- Origin: Midwestern United States
- Genres: Swing
- Years active: 1940s

= Victory Sweethearts =

American 1940s swing big band all-female musical group

The Victory Sweethearts was an American all-female swing big band founded in 1938. After the United States entered World War II, Victory Sweethearts toured the US appearing at USO events and military bases in support of the troops. The band was featured on national radio broadcasts. Their repertoire included numbers featuring instrumental soloists, complete arrangements for the entire ensemble, and novelties.
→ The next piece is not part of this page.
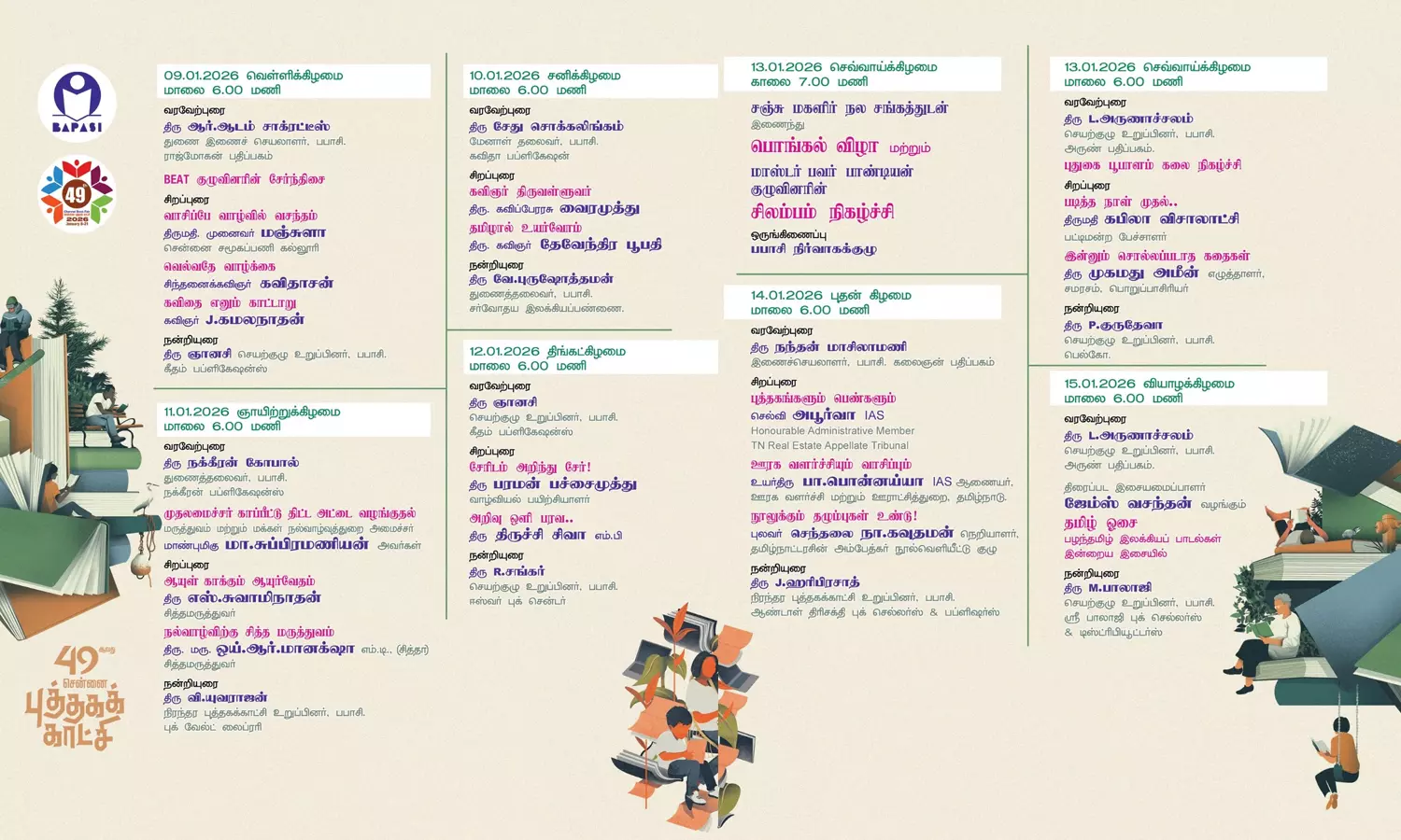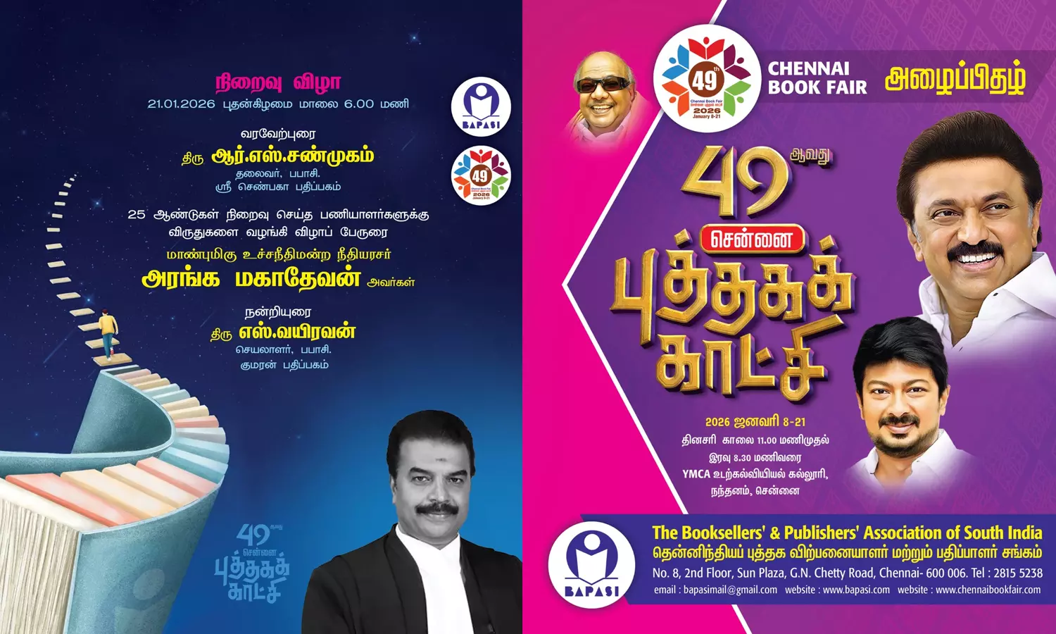 தென்னிந்திய புத்தக விற்பனையாளர் மற்றும் பதிப்பாளர் சங்கம் (BAPASI) நடத்தும் இந்த 49வது புத்தகக் கண்காட்சி, நாளை (ஜனவரி 8) தொடங்கி ஜனவரி 21 வரை நடைபெற உள்ளது.

The Victory Sweethearts were founded by Freddie Shaffer, a musician from Frankfort, Indiana who began performing as an all-girl band with 15 girls and was the leader. The group name was inspired by the band members' deployed fiancés and the girls' desire to build morale and contribute to the victory effort.

Ruth Mary Mack played drums and was known as the female Gene Krupa. Pat Wolff wrote "I Ran Away With An All-Girl Band" a book about her time in the girls' band. Arthella Louise "Artie" Phelps went by the stage name "Louise Lust" and would dedicate songs on air to her then-fiancé, Ray.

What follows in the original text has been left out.